**PROBLEM REQUIREMENTS:**
Please output the data exactly, minus pictures.

**SOURCE RECORDS:**
↓
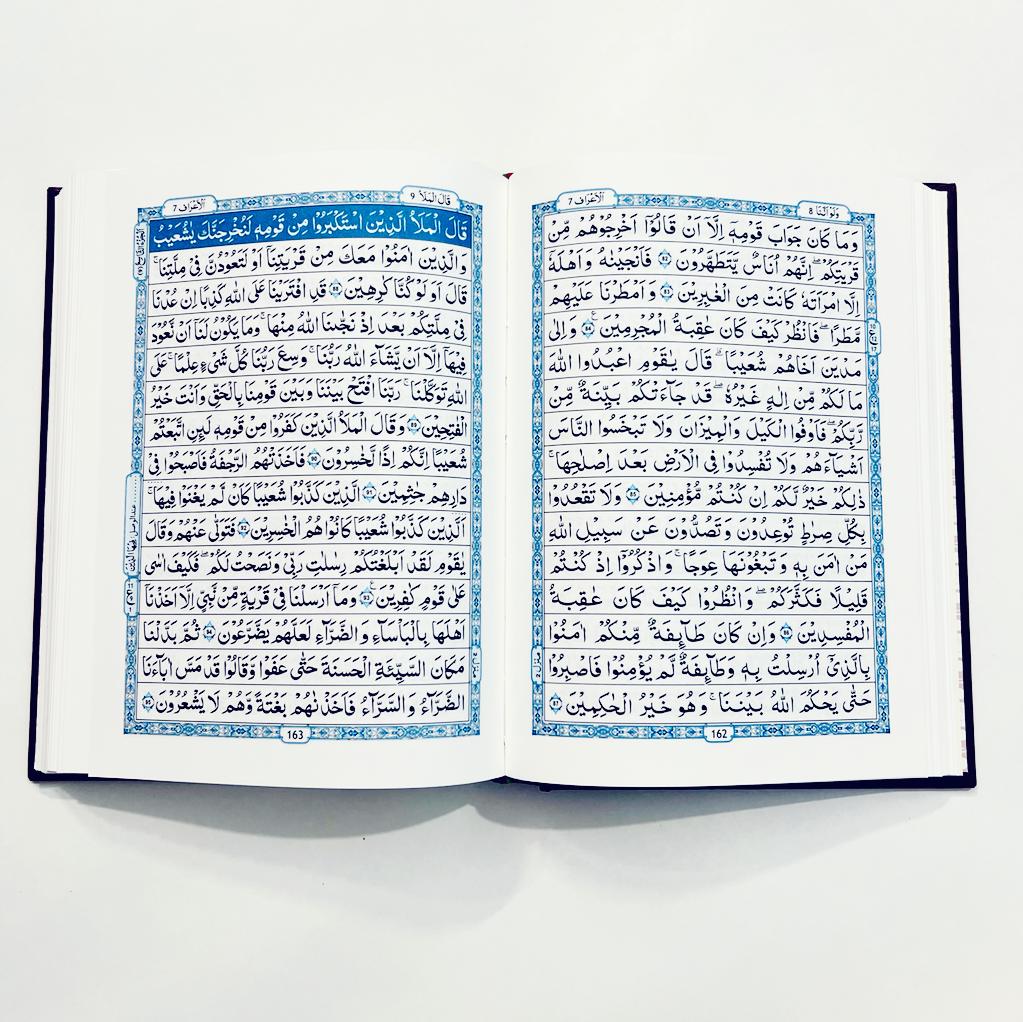 This is a deluxe, medium sized, hardbound Hifz Quran, imported from the Middle East.
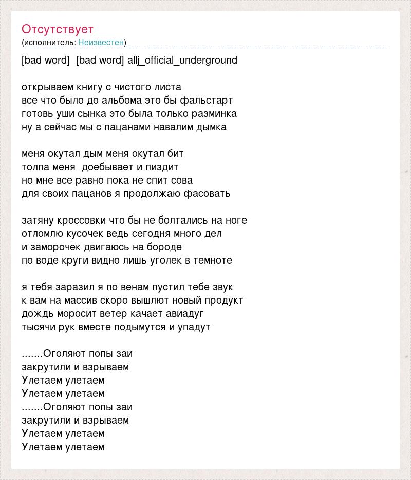 [bad word] [bad word] allj_official_underground открываем книгу с чистого листа все что было до альбома это бы фальстарт готовь уши сынка это была только разминка ну а сейчас мы с пацанами навалим дымка меня окутал дым меня окутал бит толпа меня доебывает и пиздит но мне все равно пока не спит сова для своих пацанов я продолжаю фасовать затяну кроссовки что бы не болтались на ноге отломлю кусочек ведь сегодня много дел и заморочек двигаюсь на бороде по воде круги видно лишь уголек в темноте я тебя заразил я по венам пустил тебе звук к вам на массив скоро вышлют новый продукт дождь моросит ветер качает авиадуг тысячи рук вместе подымутся и упадут .......Оголяют попы заи закрутили и взрываем Улетаем улетаем Улетаем улетаем .......Оголяют попы заи закрутили и взрываем Улетаем улетаем Улетаем улетаем
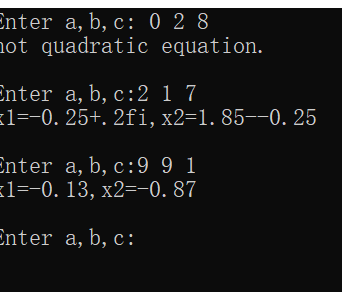 #include<math.h> #include<stdio.h> int main(){ float a,b,c,x1,x2; float delta,real,imag; printf("Enter a,b,c: "); while(scanf("%f%f%f",&a,&b,&c)!=EOF) { if(a==0) printf("not quadratic equation.\n\n"); else{ delta=b*b-4*a*c; if(delta>=0){ x1=(-b+sqrt(delta))/(2*a); x2=(-b-sqrt(delta))/(2*a); printf("x1=%.2f,x2=%.2f\n\n",x1,x2); } else{ real=-b/(2*a); imag=sqrt(-delta)/(2*a); printf("x1=%.2f+.2fi,x2=%.2f-%.2f\n\n",real,imag,real,imag); } } printf("Enter a,b,c:"); } return 0; }
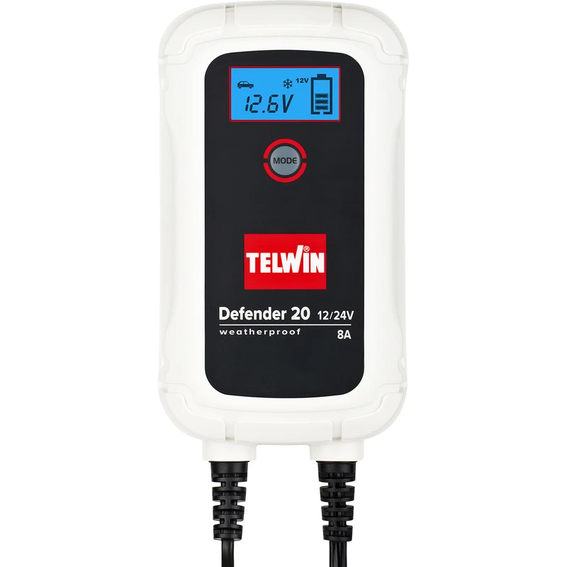 • De Telwin Defender 20 is een intelligente druppellader met elektronische regeling van de laadstroom, automatische onderbreking en herstart (PULSE-TRONIC) voor 12 en 24V accu’s. De Defender 20 heeft ook een Cold functie voor veilig en gecontroleerd laden bij lagere temperaturen. Toepassingen zijn o.a. motor, auto, bestelwagen, boot.
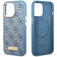 Etui Guess GUHMP14LU4GPRB na iPhone 14 Pro - niebieskie 4G Logo Plate MagSafe
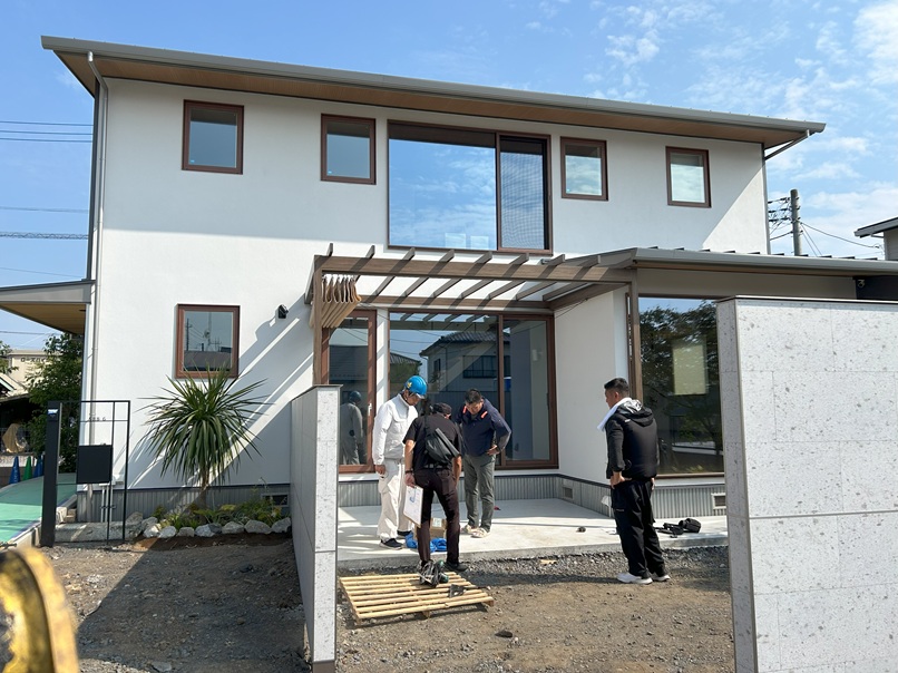 今日は、植下モデルの外構工事に朝にうち立ち合いました。 玄関ポーチのスロープと、塀の間の土間工事の段取りをしています
↑
**RESULT OF THIS TASK:**
 This is a deluxe, medium sized, hardbound Hifz Quran, imported from the Middle East.
 [bad word] [bad word] allj_official_underground открываем книгу с чистого листа все что было до альбома это бы фальстарт готовь уши сынка это была только разминка ну а сейчас мы с пацанами навалим дымка меня окутал дым меня окутал бит толпа меня доебывает и пиздит но мне все равно пока не спит сова для своих пацанов я продолжаю фасовать затяну кроссовки что бы не болтались на ноге отломлю кусочек ведь сегодня много дел и заморочек двигаюсь на бороде по воде круги видно лишь уголек в темноте я тебя заразил я по венам пустил тебе звук к вам на массив скоро вышлют новый продукт дождь моросит ветер качает авиадуг тысячи рук вместе подымутся и упадут .......Оголяют попы заи закрутили и взрываем Улетаем улетаем Улетаем улетаем .......Оголяют попы заи закрутили и взрываем Улетаем улетаем Улетаем улетаем
 #include<math.h> #include<stdio.h> int main(){ float a,b,c,x1,x2; float delta,real,imag; printf("Enter a,b,c: "); while(scanf("%f%f%f",&a,&b,&c)!=EOF) { if(a==0) printf("not quadratic equation.\n\n"); else{ delta=b*b-4*a*c; if(delta>=0){ x1=(-b+sqrt(delta))/(2*a); x2=(-b-sqrt(delta))/(2*a); printf("x1=%.2f,x2=%.2f\n\n",x1,x2); } else{ real=-b/(2*a); imag=sqrt(-delta)/(2*a); printf("x1=%.2f+.2fi,x2=%.2f-%.2f\n\n",real,imag,real,imag); } } printf("Enter a,b,c:"); } return 0; }
 • De Telwin Defender 20 is een intelligente druppellader met elektronische regeling van de laadstroom, automatische onderbreking en herstart (PULSE-TRONIC) voor 12 en 24V accu’s. De Defender 20 heeft ook een Cold functie voor veilig en gecontroleerd laden bij lagere temperaturen. Toepassingen zijn o.a. motor, auto, bestelwagen, boot.
 Etui Guess GUHMP14LU4GPRB na iPhone 14 Pro - niebieskie 4G Logo Plate MagSafe
 今日は、植下モデルの外構工事に朝にうち立ち合いました。 玄関ポーチのスロープと、塀の間の土間工事の段取りをしています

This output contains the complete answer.